What to work on => Transcribe exactly the entries from the "ミッション 排気量 |" line to the end, both included, minus pictures.

Material shown =>
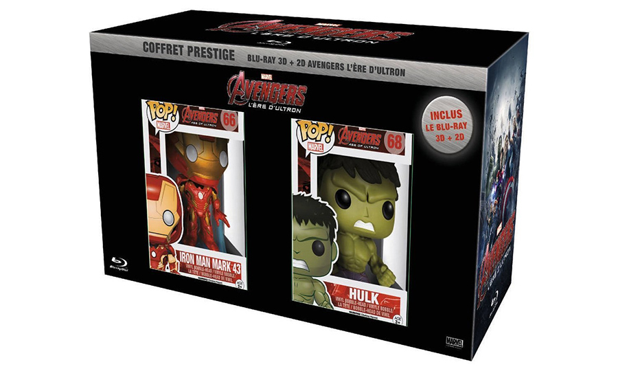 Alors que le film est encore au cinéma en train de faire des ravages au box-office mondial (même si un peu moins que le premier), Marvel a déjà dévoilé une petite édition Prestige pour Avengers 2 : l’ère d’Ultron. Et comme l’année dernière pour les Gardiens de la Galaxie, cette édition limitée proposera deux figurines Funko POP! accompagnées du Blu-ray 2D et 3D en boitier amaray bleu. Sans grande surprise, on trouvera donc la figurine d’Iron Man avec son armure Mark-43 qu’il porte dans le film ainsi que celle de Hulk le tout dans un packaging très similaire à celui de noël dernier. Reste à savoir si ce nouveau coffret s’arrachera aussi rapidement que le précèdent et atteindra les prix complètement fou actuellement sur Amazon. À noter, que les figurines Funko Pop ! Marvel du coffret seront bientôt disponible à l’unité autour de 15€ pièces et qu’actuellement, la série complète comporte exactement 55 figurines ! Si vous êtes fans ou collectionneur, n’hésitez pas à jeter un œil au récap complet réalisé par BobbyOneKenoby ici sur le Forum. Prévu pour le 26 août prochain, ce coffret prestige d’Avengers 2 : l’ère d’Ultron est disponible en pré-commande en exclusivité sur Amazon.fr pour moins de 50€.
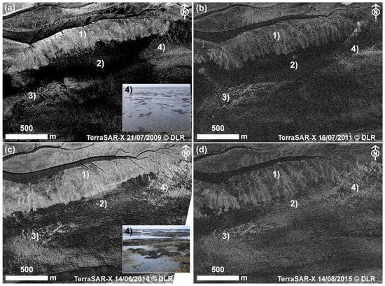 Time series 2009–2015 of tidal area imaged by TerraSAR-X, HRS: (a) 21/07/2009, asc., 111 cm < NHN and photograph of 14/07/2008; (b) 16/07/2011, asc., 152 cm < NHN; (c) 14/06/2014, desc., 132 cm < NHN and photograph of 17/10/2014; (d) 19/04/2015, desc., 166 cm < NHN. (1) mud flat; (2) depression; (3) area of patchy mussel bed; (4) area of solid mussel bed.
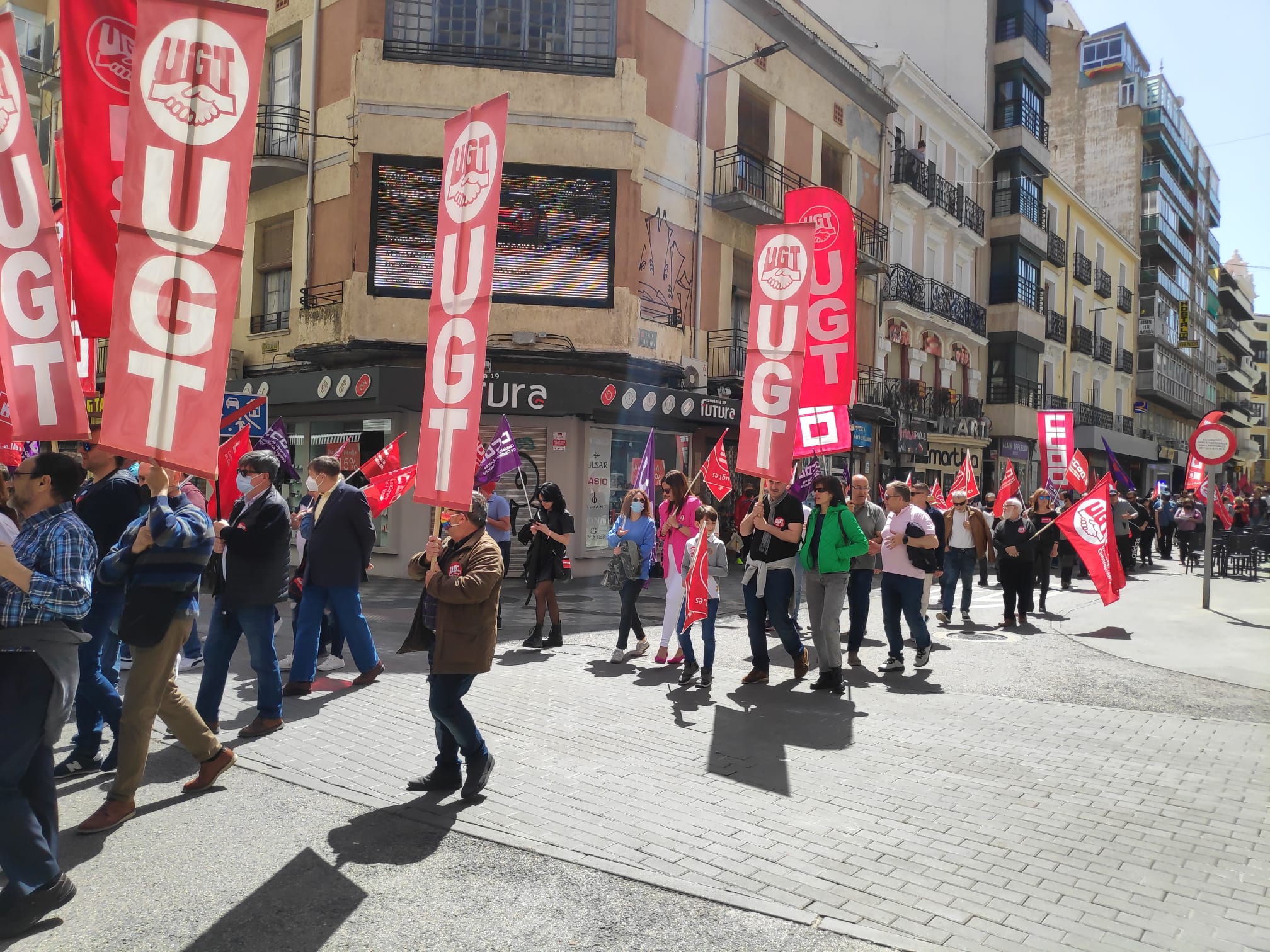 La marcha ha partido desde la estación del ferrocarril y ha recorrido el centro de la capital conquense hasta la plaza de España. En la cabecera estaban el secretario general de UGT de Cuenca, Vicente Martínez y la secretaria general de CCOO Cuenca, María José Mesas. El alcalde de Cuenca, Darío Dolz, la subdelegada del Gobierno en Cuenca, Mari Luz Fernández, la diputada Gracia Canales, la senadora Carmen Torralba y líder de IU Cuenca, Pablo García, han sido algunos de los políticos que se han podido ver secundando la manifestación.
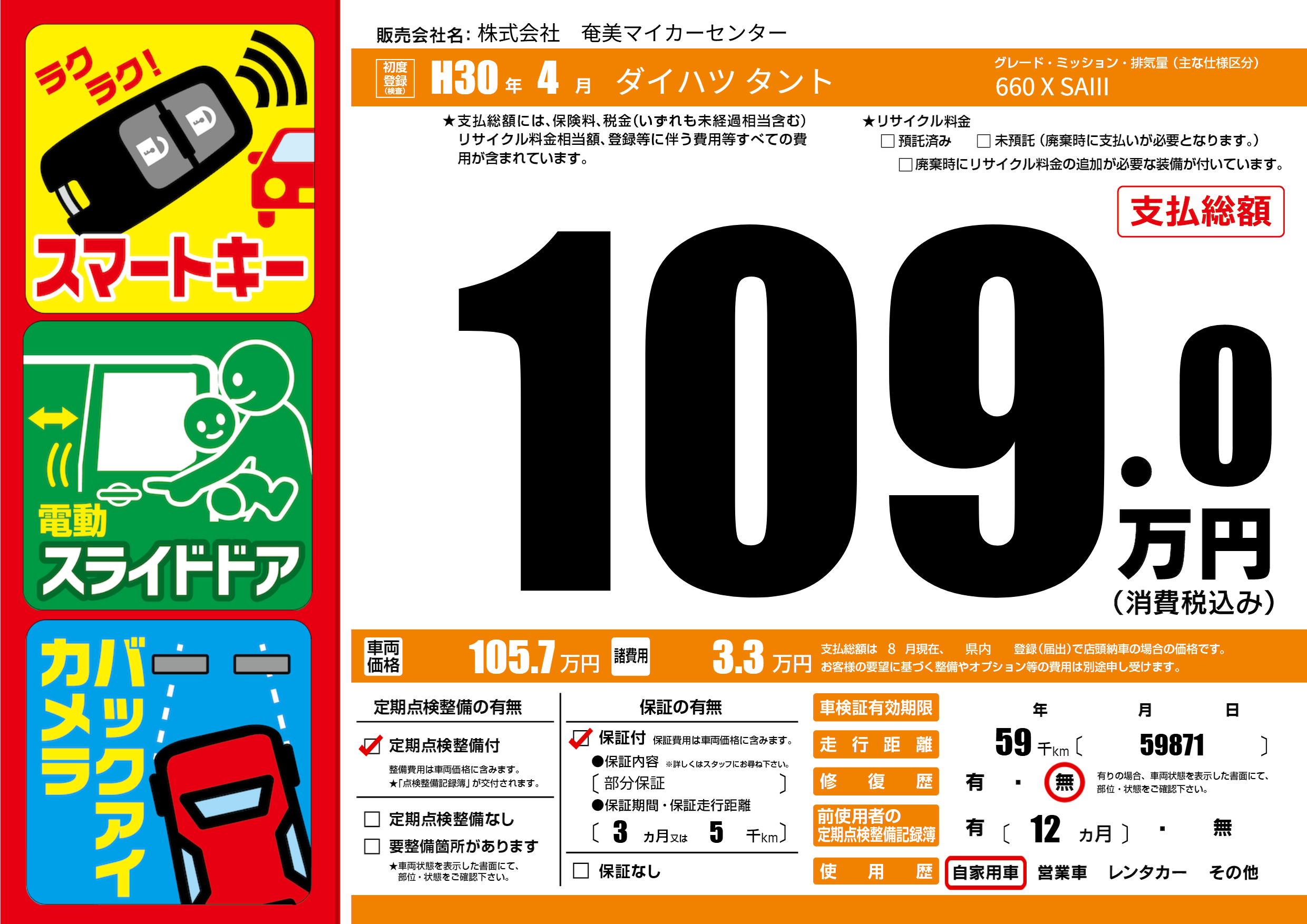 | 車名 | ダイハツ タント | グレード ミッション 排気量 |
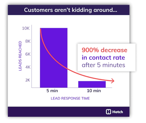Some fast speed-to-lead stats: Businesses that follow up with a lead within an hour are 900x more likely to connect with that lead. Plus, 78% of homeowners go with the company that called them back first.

Exercise response =>
 | 車名 | ダイハツ タント | グレード ミッション 排気量 |
Some fast speed-to-lead stats: Businesses that follow up with a lead within an hour are 900x more likely to connect with that lead. Plus, 78% of homeowners go with the company that called them back first.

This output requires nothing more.